This remains to be tested.
An alternative interpretation for the preference for the CS+HF over the
CS+HC is that satiety feedback does not directly affect postingestive
reinforcement but influences flavor preference via a separate
conditioning process. In particular, Warwick and Weingarten (27) proposed that two-bottle choice behavior is the
outcome of the opposing effects of positive reinforcement and
anticipated (learned) satiation. (They, in fact, used the term satiety,
but were referring to the learned control of meal size that, according to present usage, refers to satiation.) In fact, the HC and HF diets
had similar satiation effects, i.e., CS+HC and CS+HF bout sizes were
similar, but differed in their satiety effects, i.e., bout frequencies
were higher with the CS+HF than with the CS+HC. Conceivably, the rats
learned to anticipate the reduced satiety effect of the HF diet by
increasing their bout frequency, which led to the CS+HF preference in
the two-bottle tests. Whether satiety feedback affected preference
directly or via postingestive reinforcement cannot be determined given
the present data, although conditioned increases in bout frequency have
not, to our knowledge, been directly demonstrated.

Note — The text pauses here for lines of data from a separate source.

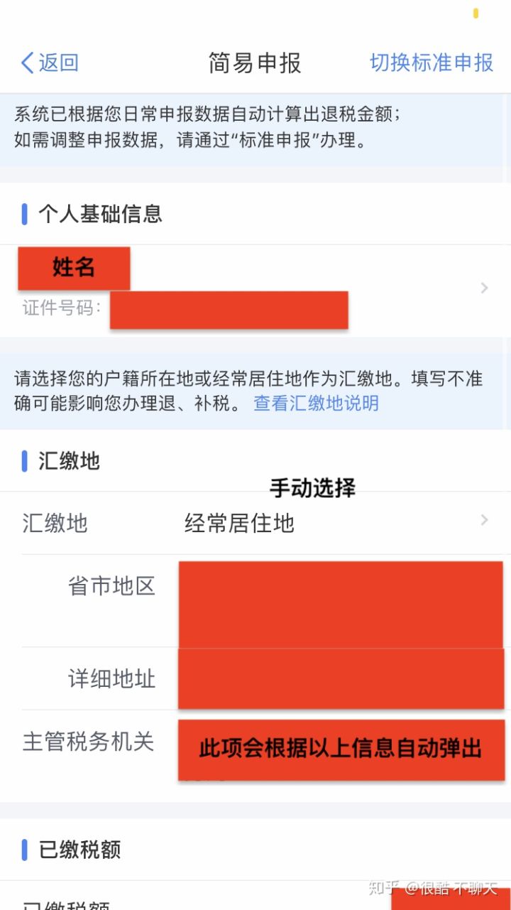 剛剛操作完自己的個(gè)人所得稅退稅流程,哈哈超開心,感覺像是收了筆意外之財(cái)。下面奉上詳細(xì)個(gè)人所得稅退稅流程詳解: 1.首先下載個(gè)人所得稅APP 2.點(diǎn)擊右下角“個(gè)人中心” 3.點(diǎn)擊注冊(cè)(已注冊(cè)則直接選擇登錄) 4.點(diǎn)擊“人臉識(shí)別認(rèn)證注冊(cè)”,點(diǎn)擊“同意并繼續(xù)” 5.輸入身份證號(hào),開始人臉識(shí)別 6.注冊(cè)完畢,開始登錄,查看“收入納稅明細(xì)查詢” 7.選擇2019年度,勾選所有所得類型 8.查看該年度所有納稅明細(xì) 9.查看完畢后退出,點(diǎn)擊首頁的“綜合所得年度匯算”,閱讀相關(guān)須知,并點(diǎn)擊同意 10.進(jìn)入簡(jiǎn)易申報(bào)階段。 11.填寫銀行卡信息,最后顯示提交完,等待審核 個(gè)人所得稅退稅流程詳解(附圖) 1.首先下載個(gè)人所得稅APP 2.點(diǎn)擊右下角“個(gè)人中心” 3.點(diǎn)擊注冊(cè)(已注冊(cè)則直接選擇登錄) 4.點(diǎn)擊“人臉識(shí)別認(rèn)證注冊(cè)”,點(diǎn)擊“同意并繼續(xù)” 5.輸入身份證號(hào),開始人臉識(shí)別 6.注冊(cè)完畢,開始登錄,查看“收入納稅明細(xì)查詢” 7.選擇2019年度,勾選所有所得類型 8.查看該年度所有納稅明細(xì) 9.查看完畢后退出,點(diǎn)擊首頁的“綜合所得年度匯算”,閱讀相關(guān)須知,并點(diǎn)擊同意 10.進(jìn)入簡(jiǎn)易申報(bào)階段 第一種,自動(dòng)彈出匯繳地信息(自行核對(duì)) 第二種,根據(jù)實(shí)際情況選擇經(jīng)常居住地或戶籍所在地,主管稅務(wù)機(jī)關(guān)會(huì)自動(dòng)彈出 完成后點(diǎn)擊提交申請(qǐng)。 11. 填寫銀行卡信息,最后顯示提交完,等待審核 |
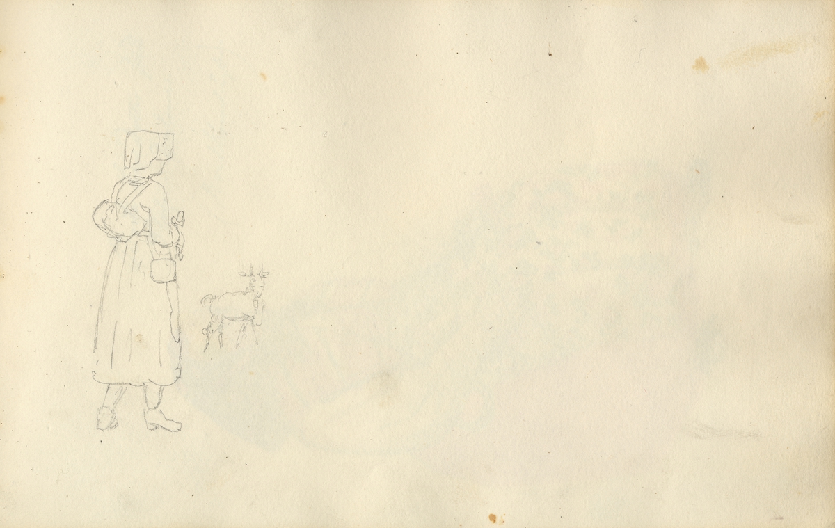 Blyertsskiss. Flicka som går i vall med en get. Ur Skissbok av A. J.G. Virgin
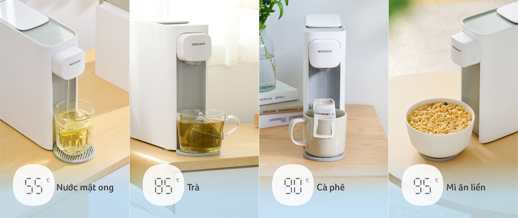 Người dùng có thể dễ dàng lựa chọn mức nhiệt độ nước nóng từ 45℃ – 95℃, phù hợp cho nhiều nhu cầu khác nhau như pha sữa, pha trà, cà phê hay mì ăn liền. Chỉ với một thao tác chạm, nước nóng tinh khiết sẽ sẵn sàng trong tích tắc.
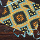 Seamless decorative pattern featuring geometric shapes in orange, yellow, turquoise and black.
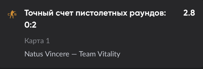 Точный счет пистолетных раундов на карте. 1-й и 13-й раунды на каждой карте – пистолетные. Можно поставить на исход этих раундов. Всего три варианта исхода: 1-1 или 2-0 в пользу одной из команд.
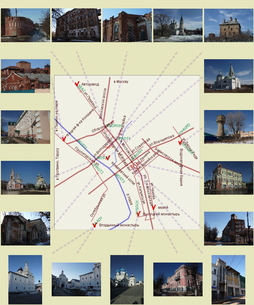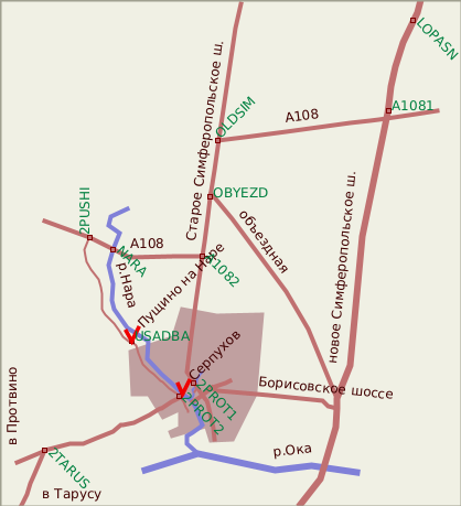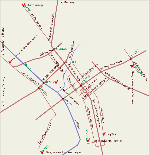 Со стороны Москвы удобнее въезжать в город по старому Симферопольскому шоссе, переехав на него с трассы "Крым" по второй "бетонке" (А108). Надеемся, приведенная схема поможет сориентироваться в самом городе. Нужно учитывать также, что сквозного проезда по Калужской улице нет - со стороны Высоцкого монастыря можно доехать до пересечения с Красноармейской, дальше проезд закрыт каким-то милицейским учреждением. На некоторых планах города не обозначен мост через Нару, соединяющий Оборонную улицу с Пролетарской (на правом берегу). Для удобства в файл путевых точек включена усадьба Пущино-на-Наре (о ней - отдельный сюжет "Проселков"). Из Серпухова проезд к усадьбе -на север по Пролетарской улице.
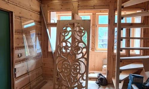 Znakomita większość rzeźbień w budynku została wykonana przez cenionego zakopiańskiego artystę rzeźbiarza Adama Doleżuchowicza.
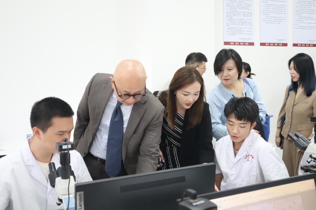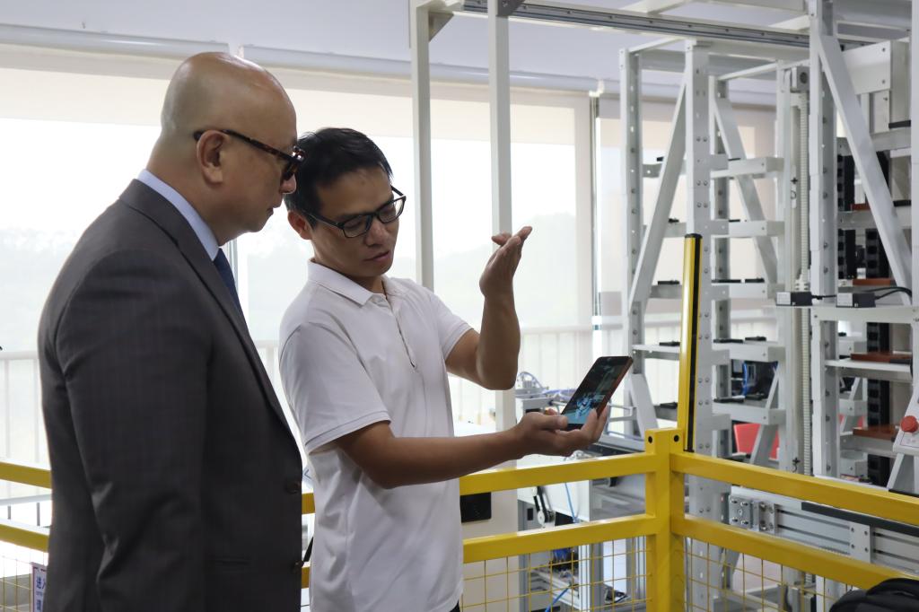 新加坡社科大学代表团先后参观了鸭脖医药健康实验中心、人工智能产教融合实训基地和桃花岛电商中心等教学实践基地。在这些充满活力的实践课堂中,代表团不仅近距离观摩了同学们的实际操作和学习过程,还与师生们交谈互动,加深了他们对鸭脖教学理念和实践能力的理解。
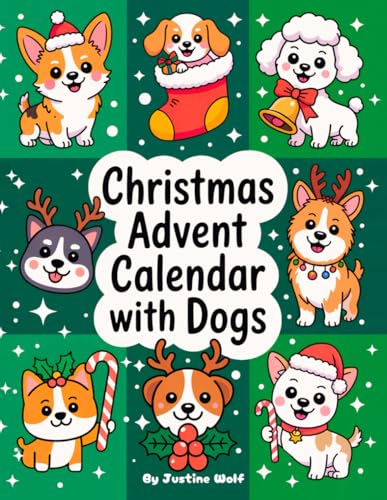 Christmas Advent Calendar with Dogs: Coloring Book with 25 Simple & Festive Illustrations + Bonus Pages! Daily Holiday Countdown Fun for Kids and the Whole Family
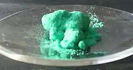 При стандартных условиях, хлорид меди(II) — голубовато-зелёные кристаллы без запаха.
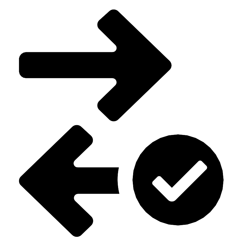 <svg fill="#000000" width="800px" height="800px" viewBox="0 0 52 52" xmlns="http://www.w3.org/2000/svg"><path d="M23,2.42a1.37,1.37,0,0,1,2,0l10.77,10.4a1.3,1.3,0,0,1,0,1.94L25,25.16a1.37,1.37,0,0,1-2,0l-2-1.94a1.28,1.28,0,0,1,0-1.94L24.37,18a.9.9,0,0,0-.66-1.53H5.46A1.47,1.47,0,0,1,4,15.11V12.33A1.53,1.53,0,0,1,5.46,11H23.71a.89.89,0,0,0,.66-1.53L21,6.16a1.28,1.28,0,0,1,0-1.94Zm-5.8,24.42a1.38,1.38,0,0,0-2,0L4.44,37.24a1.28,1.28,0,0,0,0,1.94L15.2,49.58a1.38,1.38,0,0,0,2,0l2-1.94a1.3,1.3,0,0,0,0-1.94l-3.37-3.26a.89.89,0,0,1,.66-1.52h8.68A13.4,13.4,0,0,1,24.8,38a12.68,12.68,0,0,1,.27-2.63H16.45a.88.88,0,0,1-.66-1.53l3.37-3.26a1.3,1.3,0,0,0,0-1.94ZM28,38a9.6,9.6,0,1,1,9.6,9.6A9.6,9.6,0,0,1,28,38Zm15.62-2.24-6.46,6.45a1.15,1.15,0,0,1-.86.38,1.14,1.14,0,0,1-.86-.38l-3.12-3.12a.56.56,0,0,1,0-.86l.86-.86a.56.56,0,0,1,.86,0l2.26,2.26,5.54-5.54a.56.56,0,0,1,.86,0l.86.86A.55.55,0,0,1,43.62,35.76Z" fill-rule="evenodd"/></svg>
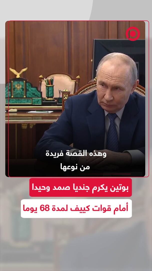 Play/Pause Mute/Unmute بوتين يكرم جنديا صمد وحيدا أمام قوات كييف لمدة 68 يوما Save post Share Facebook X VK.com Telegram

Hyperphagic, reinforcing, and satiating effects of HF and HC diets. The finding that HF infusions conditioned a stronger preference than did isocaloric HC diet infusions raises the possibility that HF hyperphagia occurs, at least in part, because HF diets have stronger positive postingestive actions than do HC diets. That the postingestive reinforcing effects of nutrients can actually stimulate consumption is demonstrated by reports that rats increase their daily intake of flavored solutions paired with intragastric carbohydrate infusions rather than water (16). Note though that dilute fat infusions are less effective than isocaloric carbohydrate infusions in stimulating flavor acceptance (17), which is consistent with their reduced ability to condition a flavor preference. More concentrated infusions do not increase total intake, but they may have a stimulatory effect that is obscured by the satiating actions of the nutrient infusions (16). In theory, the nutrient's reinforcing action may counteract its satiating action such that the net inhibitory effect on intake is reduced. The present results, however, indicate that the reinforcing effect of the HF diet was not highly correlated with the degree of hyperphagia seen with the diets. This is illustrated in Fig. 5, which plots HF diet overconsumption in one-bottle training as a function of CS+HF preference in two-bottle tests, relative to the HC diet and CS+HC, respectively. The overall correlation using the data from expts 1, 2, and 4 was only 0.057. The r2 values obtained in the individual experiments were 0.090, 0.031, and 0.279, none of which were significant. (Data from expt 3 were not included because the diet infusions were restricted.) This analysis suggests that the hyperphagic response to the HF diet was not primarily a result of the diet's postingestive reinforcing action.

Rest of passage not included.